How is the foundations material examined?
It appears in Part A multiple-choice as 'what kind of study or data is this?' items, and as the interpretation caveats the Part B worked answers demand ('is this coefficient causal?'). It also underpins the group empirical report, where you must justify the data and design you chose. Check your course outline for exact assessment weights.
Exam move
Treat Week 1 as the lens you will look through for the rest of ECON 2515, not a throwaway introduction. For any study you meet — in the lecture, a quiz, or the exam — practise a three-step reflex: name the goal (estimate, test, forecast, or evaluate a decision), name the data structure (cross-section, time series, pooled, or panel), and decide whether the claim is causal or merely predictive.

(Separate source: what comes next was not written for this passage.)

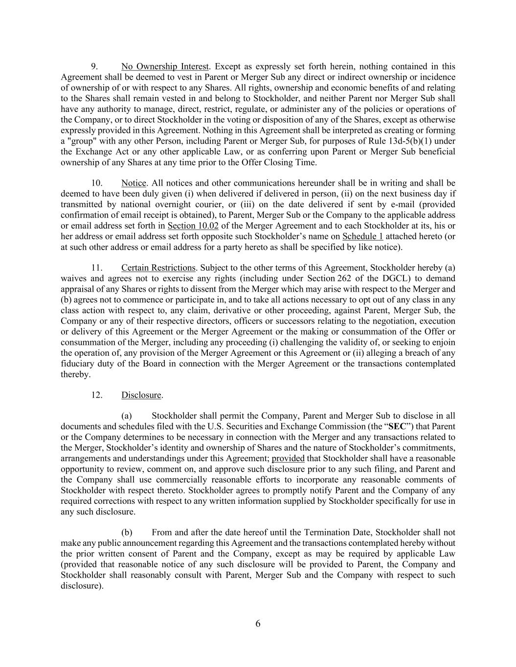 6 9. No Ownership Interest. Except as expressly set forth herein, nothing contained in this Agreement shall be deemed to vest in Parent or Merger Sub any direct or indirect ownership or incidence of ownership of or with respect to any Shares. All rights, ownership and economic benefits of and relating to the Shares shall remain vested in and belong to Stockholder, and neither Parent nor Merger Sub shall have any authority to manage, direct, restrict, regulate, or administer any of the policies or operations of the Company, or to direct Stockholder in the voting or disposition of any of the Shares, except as otherwise expressly provided in this Agreement. Nothing in this Agreement shall be interpreted as creating or forming a "group" with any other Person, including Parent or Merger Sub, for purposes of Rule 13d-5(b)(1) under the Exchange Act or any other applicable Law, or as conferring upon Parent or Merger Sub beneficial ownership of any Shares at any time prior to the Offer Closing Time. 10. Notice. All notices and other communications hereunder shall be in writing and shall be deemed to have been duly given (i) when delivered if delivered in person, (ii) on the next business day if transmitted by national overnight courier, or (iii) on the date delivered if sent by e-mail (provided confirmation of email receipt is obtained), to Parent, Merger Sub or the Company to the applicable address or email address set forth in Section 10.02 of the Merger Agreement and to each Stockholder at its, his or her address or email address set forth opposite such Stockholder’s name on Schedule 1 attached hereto (or at such other address or email address for a party hereto as shall be specified by like notice). 11. Certain Restrictions. Subject to the other terms of this Agreement, Stockholder hereby (a) waives and agrees not to exercise any rights (including under Section 262 of the DGCL) to demand appraisal of any Shares or rights to dissent from the Merger which may arise with respect to the Merger and (b) agrees not to commence or participate in, and to take all actions necessary to opt out of any class in any class action with respect to, any claim, derivative or other proceeding, against Parent, Merger Sub, the Company or any of their respective directors, officers or successors relating to the negotiation, execution or delivery of this Agreement or the Merger Agreement or the making or consummation of the Offer or consummation of the Merger, including any proceeding (i) challenging the validity of, or seeking to enjoin the operation of, any provision of the Merger Agreement or this Agreement or (ii) alleging a breach of any fiduciary duty of the Board in connection with the Merger Agreement or the transactions contemplated thereby. 12. Disclosure. (a) Stockholder shall permit the Company, Parent and Merger Sub to disclose in all documents and schedules filed with the U.S. Securities and Exchange Commission (the “SEC”) that Parent or the Company determines to be necessary in connection with the Merger and any transactions related to the Merger, Stockholder’s identity and ownership of Shares and the nature of Stockholder’s commitments, arrangements and understandings under this Agreement; provided that Stockholder shall have a reasonable opportunity to review, comment on, and approve such disclosure prior to any such filing, and Parent and the Company shall use commercially reasonable efforts to incorporate any reasonable comments of Stockholder with respect thereto. Stockholder agrees to promptly notify Parent and the Company of any required corrections with respect to any written information supplied by Stockholder specifically for use in any such disclosure. (b) From and after the date hereof until the Termination Date, Stockholder shall not make any public announcement regarding this Agreement and the transactions contemplated hereby without the prior written consent of Parent and the Company, except as may be required by applicable Law (provided that reasonable notice of any such disclosure will be provided to Parent, the Company and Stockholder shall reasonably consult with Parent, Merger Sub and the Company with respect to such disclosure).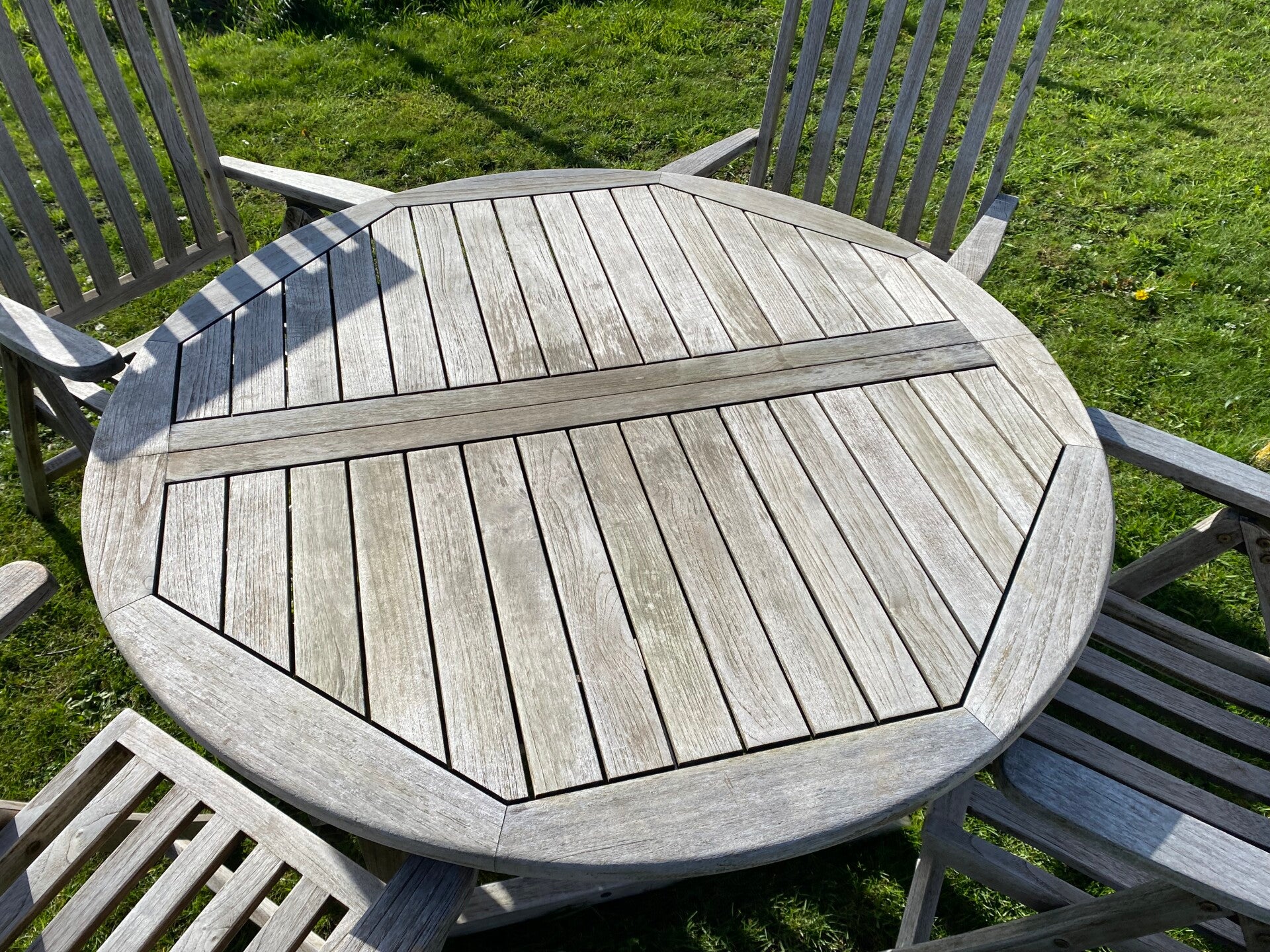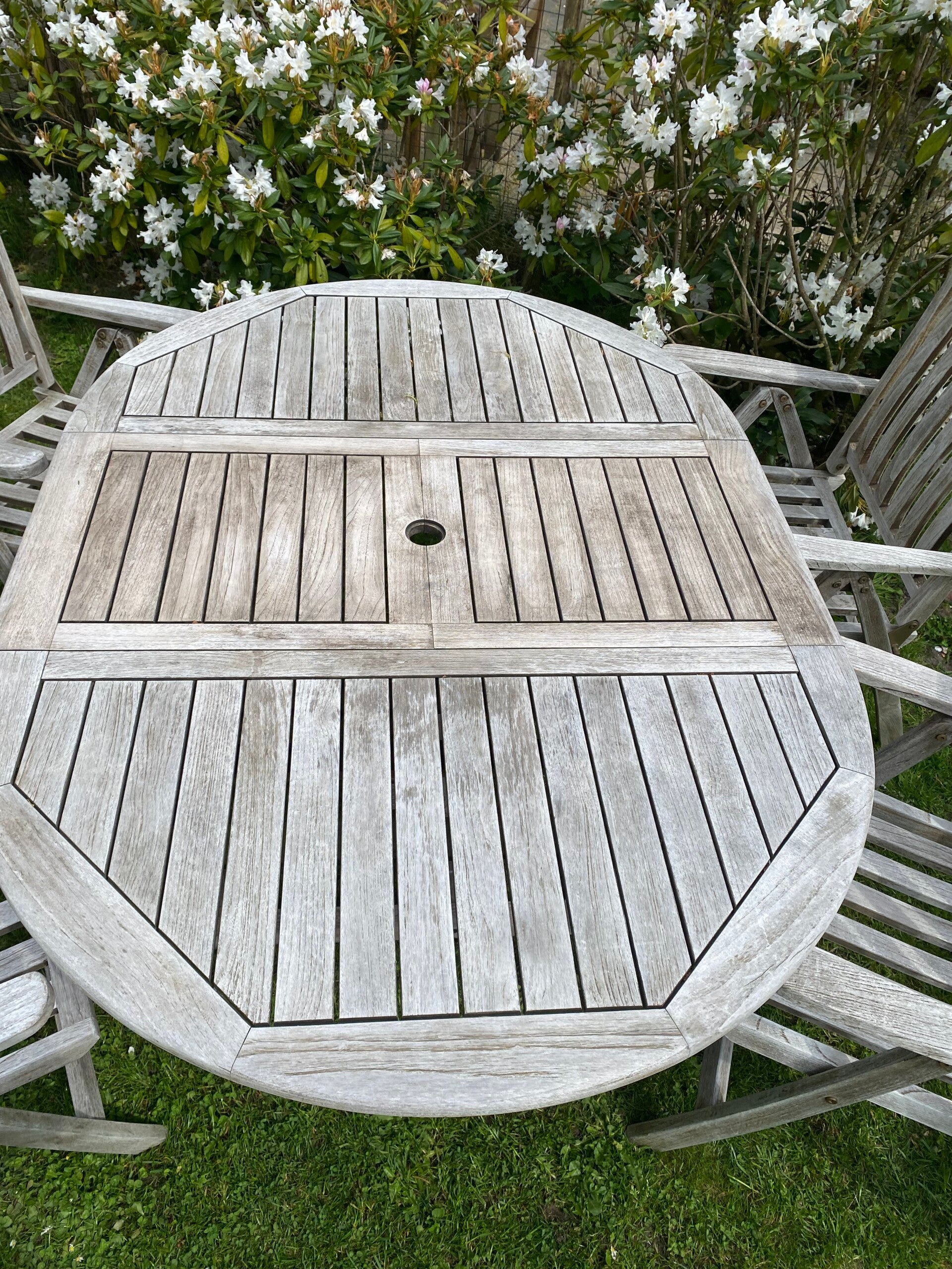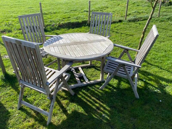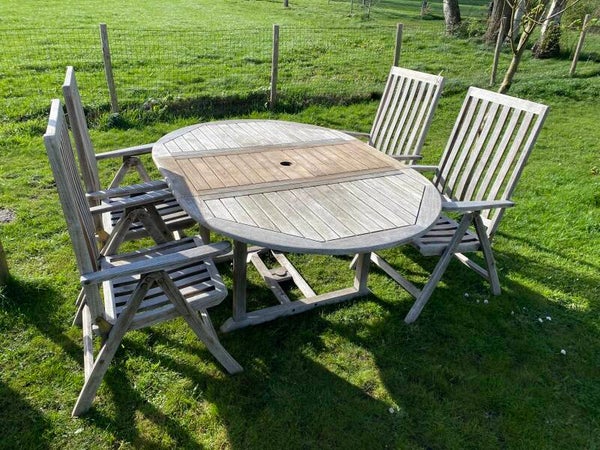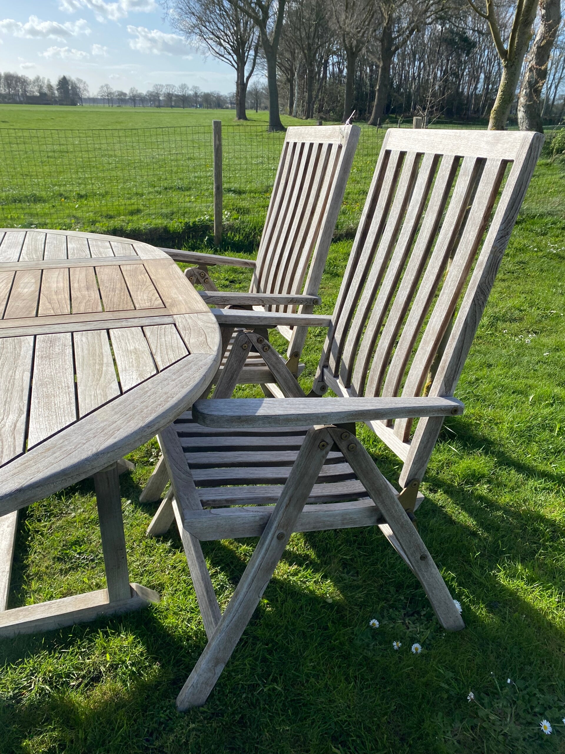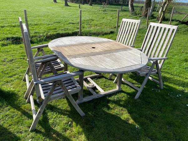 Deze set bestaat uit een eettafel, King’s Teak, welke uitschuifbaar is.

Whenever the data were only observed, force yourself to write down one specific confounder and one reverse-causality story before you accept a coefficient as a cause — that habit is worth reliable marks and stops the single biggest error the examiner fishes for. Finally, get comfortable in R early and always plot before you model, because every later topic (OLS, inference, specification) assumes you can already read a scatter, a histogram and a regression printout without hesitation.